== THE INPUT ==
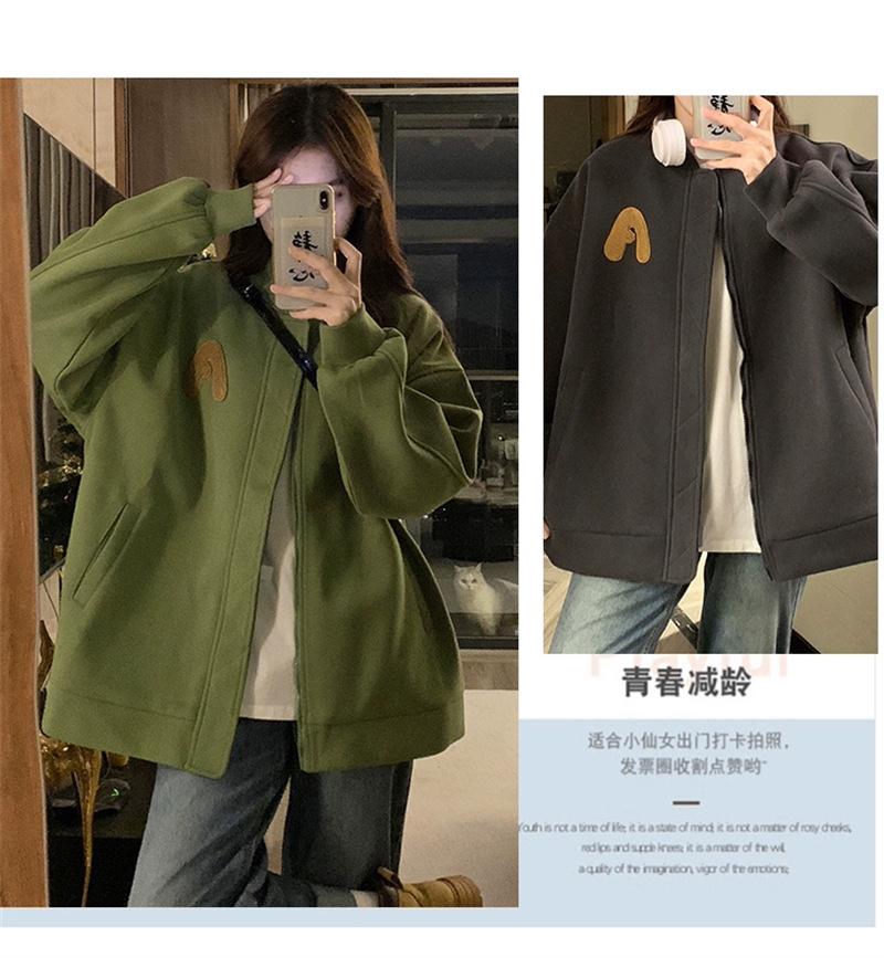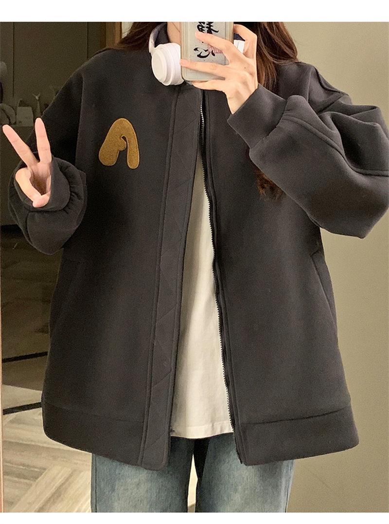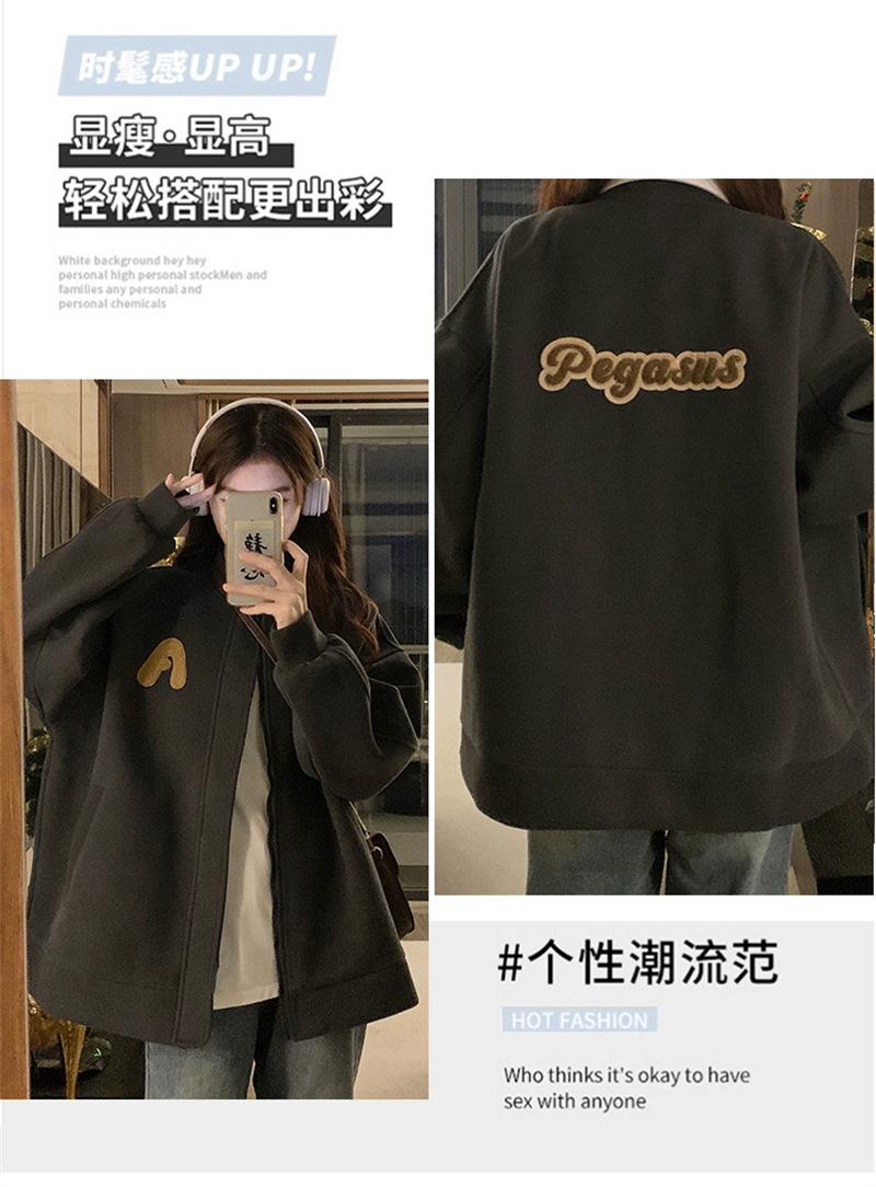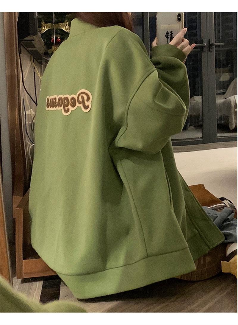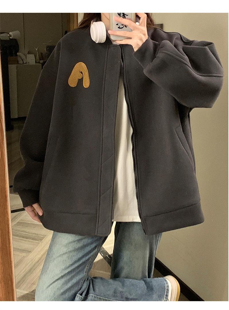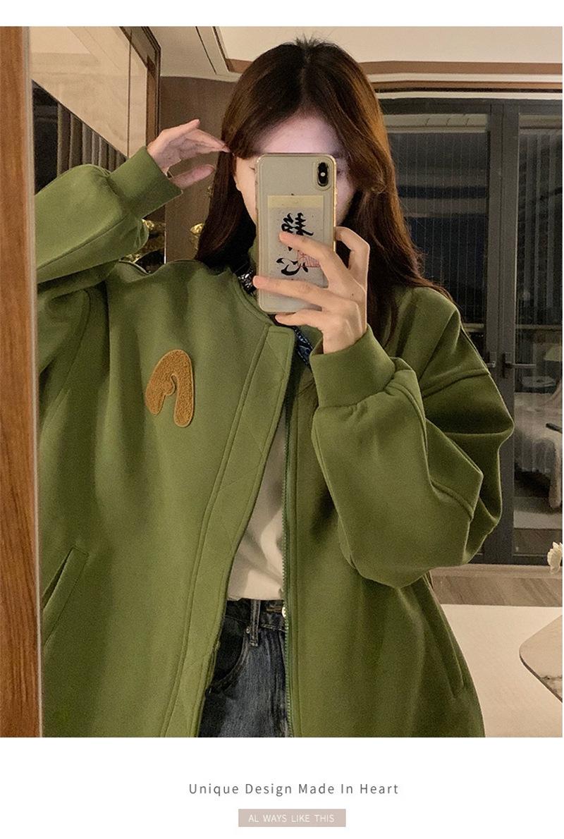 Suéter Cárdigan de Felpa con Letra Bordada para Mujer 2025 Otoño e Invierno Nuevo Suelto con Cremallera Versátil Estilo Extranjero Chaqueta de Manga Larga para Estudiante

==

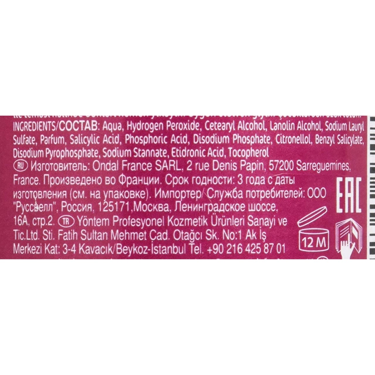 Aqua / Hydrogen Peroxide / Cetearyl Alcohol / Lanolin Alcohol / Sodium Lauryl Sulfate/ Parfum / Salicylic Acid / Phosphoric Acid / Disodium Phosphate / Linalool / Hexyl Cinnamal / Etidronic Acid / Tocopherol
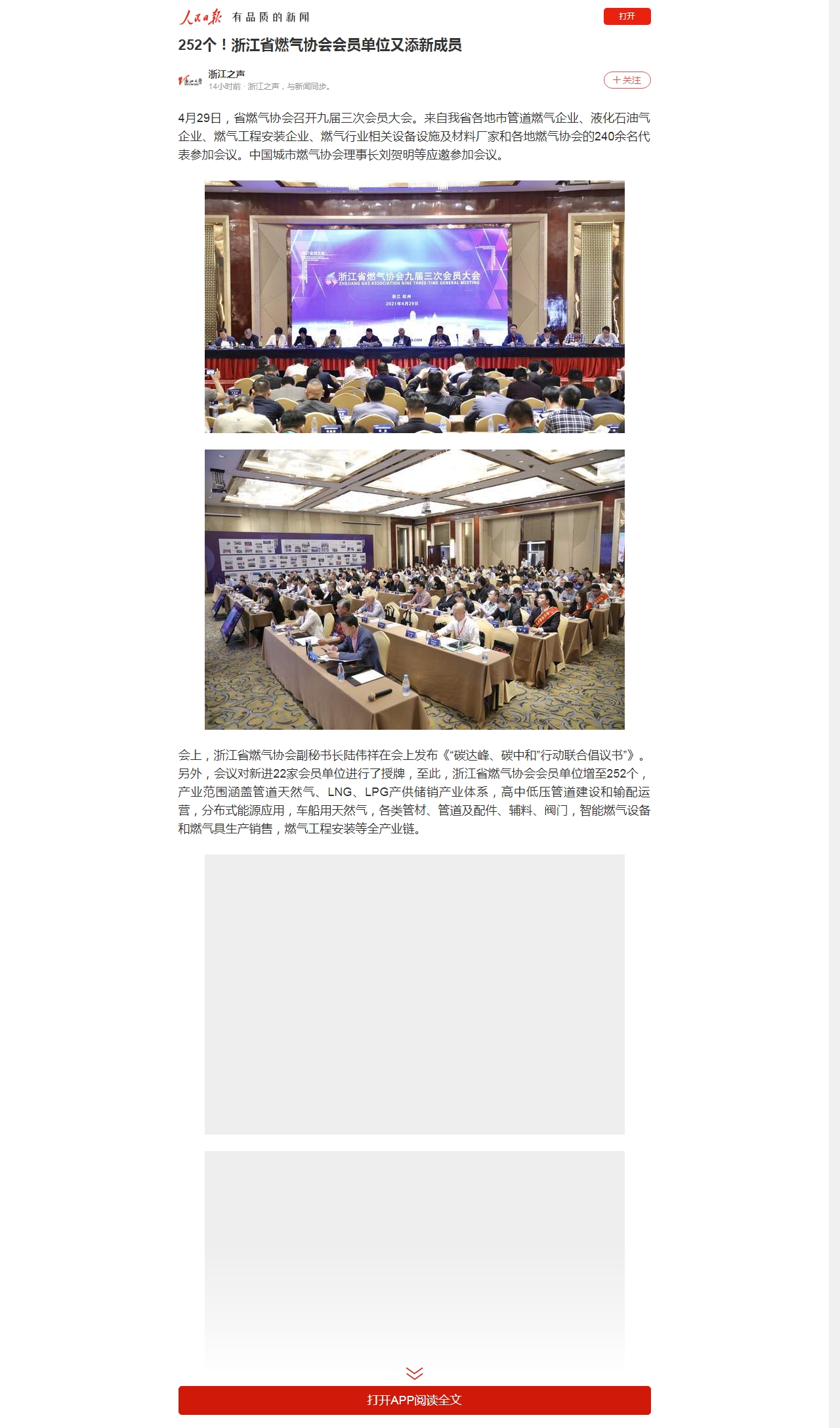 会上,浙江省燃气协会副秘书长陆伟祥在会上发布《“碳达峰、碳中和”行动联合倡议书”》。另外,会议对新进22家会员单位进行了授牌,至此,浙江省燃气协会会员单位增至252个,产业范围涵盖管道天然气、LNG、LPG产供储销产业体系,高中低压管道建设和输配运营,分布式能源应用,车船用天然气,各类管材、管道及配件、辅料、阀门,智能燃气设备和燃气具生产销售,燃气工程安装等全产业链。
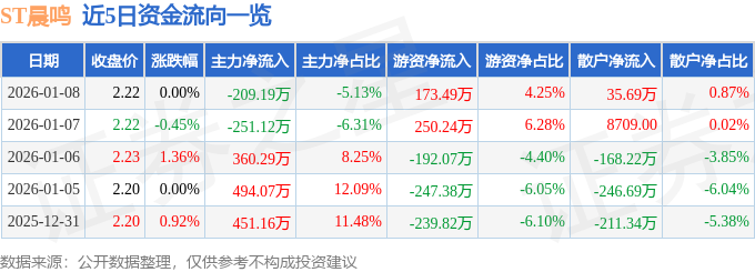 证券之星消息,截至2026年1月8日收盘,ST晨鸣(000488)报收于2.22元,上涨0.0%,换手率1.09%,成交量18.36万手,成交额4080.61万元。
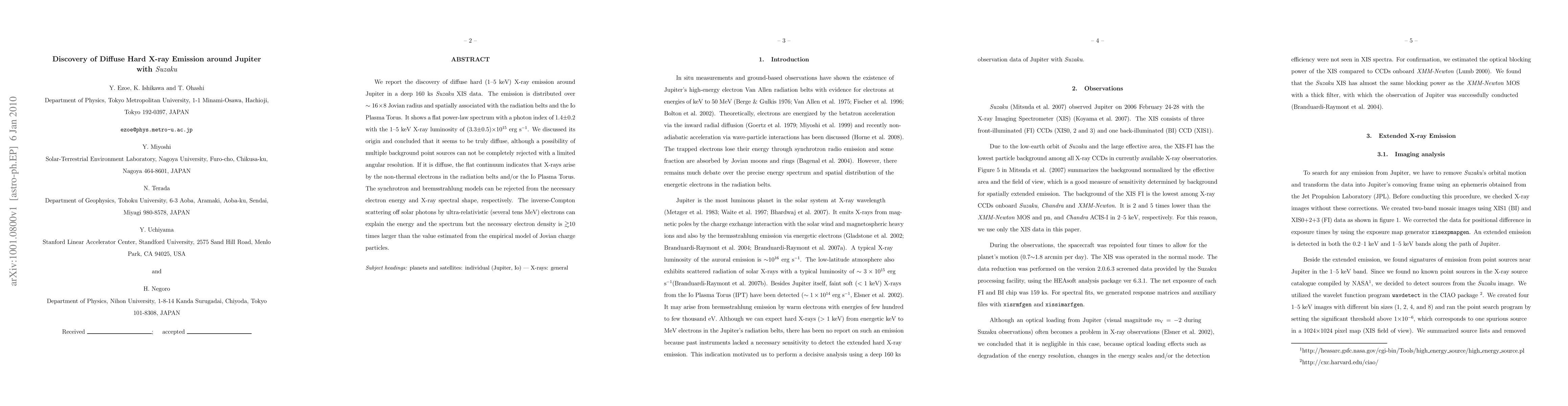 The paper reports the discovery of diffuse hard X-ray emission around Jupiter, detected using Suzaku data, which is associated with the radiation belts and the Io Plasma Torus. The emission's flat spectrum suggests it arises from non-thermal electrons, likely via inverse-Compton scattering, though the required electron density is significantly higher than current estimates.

== TASK DIRECTIONS ==
A clean copy is needed of the lines above from the one with "会上,浙江省燃气协会副秘书长" up to and including the one with "The paper reports". Please set it down exactly, with no pictures.

== RESULT OF THIS EXERCISE ==
 会上,浙江省燃气协会副秘书长陆伟祥在会上发布《“碳达峰、碳中和”行动联合倡议书”》。另外,会议对新进22家会员单位进行了授牌,至此,浙江省燃气协会会员单位增至252个,产业范围涵盖管道天然气、LNG、LPG产供储销产业体系,高中低压管道建设和输配运营,分布式能源应用,车船用天然气,各类管材、管道及配件、辅料、阀门,智能燃气设备和燃气具生产销售,燃气工程安装等全产业链。
 证券之星消息,截至2026年1月8日收盘,ST晨鸣(000488)报收于2.22元,上涨0.0%,换手率1.09%,成交量18.36万手,成交额4080.61万元。
 The paper reports the discovery of diffuse hard X-ray emission around Jupiter, detected using Suzaku data, which is associated with the radiation belts and the Io Plasma Torus. The emission's flat spectrum suggests it arises from non-thermal electrons, likely via inverse-Compton scattering, though the required electron density is significantly higher than current estimates.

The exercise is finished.